Often we think of Lent as a time of going into the desert, where it is dry and barren.  But we are discovering that we find God in that very same wilderness…so it can’t really be empty, can it?  Perhaps instead, Lent is a season of oasis and refreshment, in the midst of the deserts where we find ourselves! 

Meditation on Faith

24 07 2009

(I know that this is formatted differently from most posts.  It was inspired by a creative journal entry that I wrote last year, and I tried to convey the imagery of the journal using colors, indentations, and font styles.  Think of it as a work in progress…)

You of little faith!    – Matthew 6:30b

Truly I tell you, if you have faith the size of a mustard seed, you will say to this mountain, ‘Move from here to there,’ and it will move.”
– Matthew 17:20

Now faith is the assurance of things hoped for, the conviction of things not seen.  For by it the men of old gained approval…

Abraham believed the Lord, and it was credited to him as righteousness.
– Genesis 15:6

By faith we understood that the worlds were prepared by the word of God, so that what is seen was not made out of things which were visible…

I say, faith is a burden.  It’s a weight to bear.  It’s brave and bittersweet.  And hope is hard to hold to.  Lord, I believe!  Only help my unbelief!
– Andrew Peterson, No More Faith

“…God has allotted to each a measure of faith.”  – Romans 12:3

“Now there are a variety of gifts, but the same Spirit…to another [is given] faith by the same Spirit…”  – 1 Cor. 12:48

Preach faith until you have it.  Then, preach faith.

So what, then, is this faith thing? An assurance, a conviction?  A burden?  A gift?

It’s hard to understand the fact that God has given people faith in different amounts, and yet the world testifies to that very fact.  There are people who struggle as they search for a faith that they don’t really feel, and others who can’t help but believe,  as though that faith was programmed into the core of their soul.

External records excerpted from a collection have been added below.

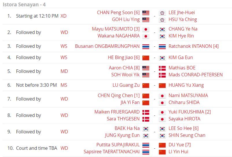 | 13.45 | หญิงเดี่ยว (WS) | รัชนก อินทนนท์[4] | บุศนันทน์ อึ๊งบำรุงพันธุ์ |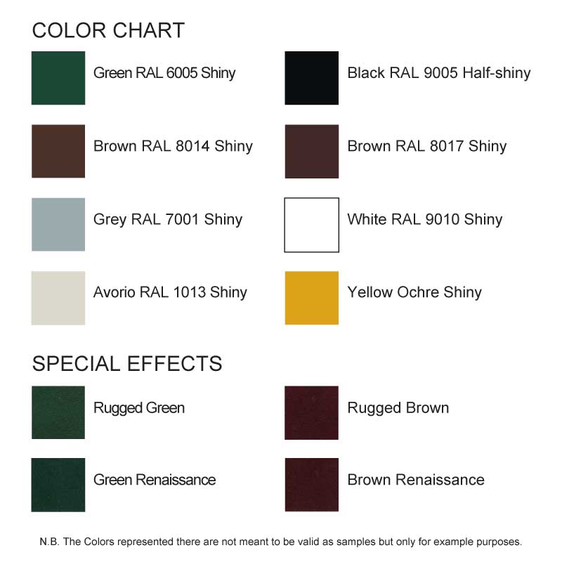 powder coating in a wide range of colors available. This procedure, unlike liquid paint, guarantees long life of the material and requires very little maintenance.
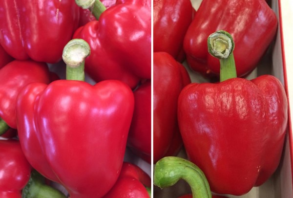 Testergebnisse von Paprikaschoten mit der Verpackungstechnik von PerfoTec & Oerlemans (links) und der traditionellen Verpackungsart (rechts), nach 25 Tagen bei einer Temperatur von 5°C.

Everywhere there are people who claim that even the “best” non-believers are still living in sin because they do not believe.  But Scripture teaches that faith is a gift, just as teaching is a gift, and healing is a gift.  And exercising any one of these gifts without love is nothing: a clanging symbol, a noisy gong.  In other words, useless.

But what happens when you exercise one of these gifts without faith?  Surely no gift is greater than the other; in the body of Christ, there is room (and necessity) for each person to exercise his or her unique gifts, in proportion to God’s allotment.  And so, I can’t help but wonder…is there room (and necessity) for the non-believer to exercise his or her unique gifts?

I am reminded of a conversation that I once overheard between a Christian and a rabbi.  The Christian asked, “Don’t you get tired of having to live up to an unrealistic standard of righteousness in the laws?”

The rabbi answered, “I’d rather ask myself, ‘Am I doing enough?’ than have to always worry, ‘Do I believe enough?'”

…Because what happens when you can’t measure up to that standard?  What happens when you find your soul devoid of faith? Is the advice passed on by John Wesley enough: can you preach faith until you have it, and hope that by doing enough, you will train yourself to believe enough?